• [Task prompt]: Retype, word for word, only the lines from the one containing "のと鉄道能登鹿島駅(能登さく" through the last line of the listing below. Pictures do not belong in the result.

━━━ Recorded information ━━━

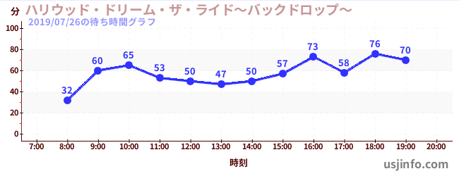 • ハリウッド・ドリーム・ザ・ライド〜バックドロップ〜$B$N(B2019年07月26日の待ち時間
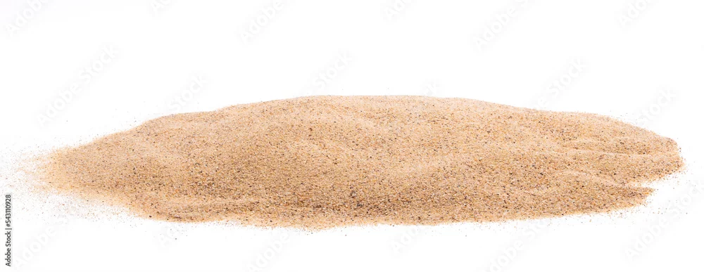 Fototapeta Desert sand pile, dune isolated white background. Gold White fine Sands on Beach island, destination of tropical ocean. Studio shot for detail texture, copy space
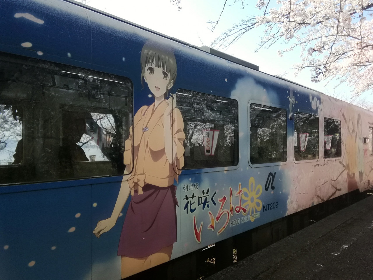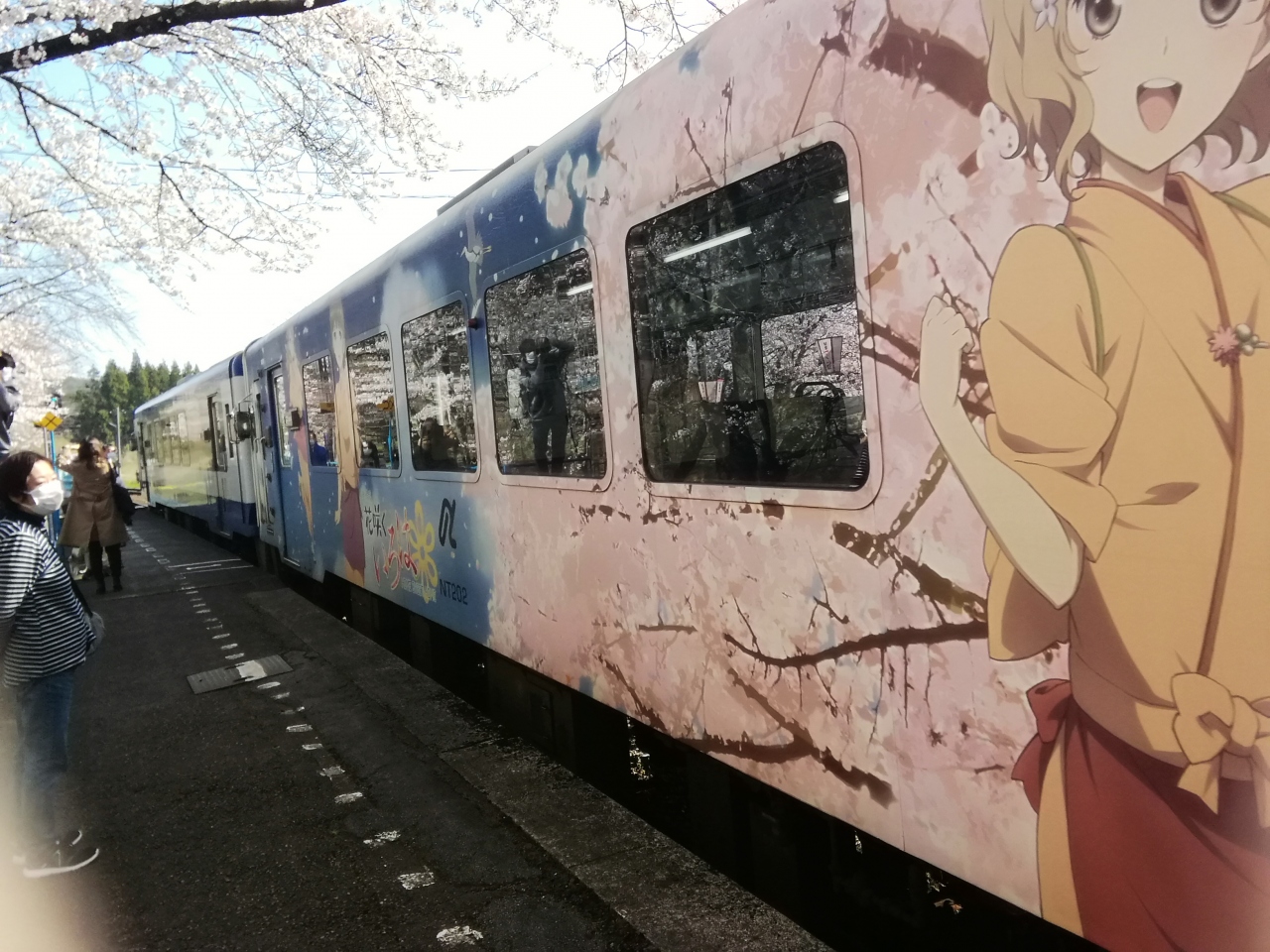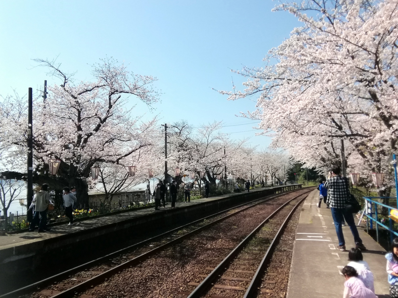 のと鉄道能登鹿島駅(能登さくら駅)の構内には約100本の桜が植えられ、桜の見頃のこの時期になるとプラットフォームの両脇の桜による桜のトンネルが楽しめます。今回、天候にも桜にも恵まれ最高の花見ができました。列車が通るたびに桜の花との共演が楽しめます。
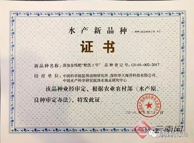 日前,由中國科學(xué)院昆明動(dòng)物研究所聯(lián)合深圳華大海洋科技有限公司、中國水產(chǎn)科學(xué)研究院淡水漁業(yè)研究中心研發(fā)培育的新品種——滇池金線鲃“鲃優(yōu)1號(hào)”,正式獲農(nóng)業(yè)農(nóng)村部的官方認(rèn)定,在水產(chǎn)種業(yè)發(fā)展論壇上獲得農(nóng)業(yè)農(nóng)村部頒發(fā)的水產(chǎn)新品種證書。這標(biāo)志著滇池金線鲃?dòng)型麑?shí)現(xiàn)規(guī)?;虡I(yè)養(yǎng)殖。

━━━

• [Written solution]:
 のと鉄道能登鹿島駅(能登さくら駅)の構内には約100本の桜が植えられ、桜の見頃のこの時期になるとプラットフォームの両脇の桜による桜のトンネルが楽しめます。今回、天候にも桜にも恵まれ最高の花見ができました。列車が通るたびに桜の花との共演が楽しめます。
 日前,由中國科學(xué)院昆明動(dòng)物研究所聯(lián)合深圳華大海洋科技有限公司、中國水產(chǎn)科學(xué)研究院淡水漁業(yè)研究中心研發(fā)培育的新品種——滇池金線鲃“鲃優(yōu)1號(hào)”,正式獲農(nóng)業(yè)農(nóng)村部的官方認(rèn)定,在水產(chǎn)種業(yè)發(fā)展論壇上獲得農(nóng)業(yè)農(nóng)村部頒發(fā)的水產(chǎn)新品種證書。這標(biāo)志著滇池金線鲃?dòng)型麑?shí)現(xiàn)規(guī)?;虡I(yè)養(yǎng)殖。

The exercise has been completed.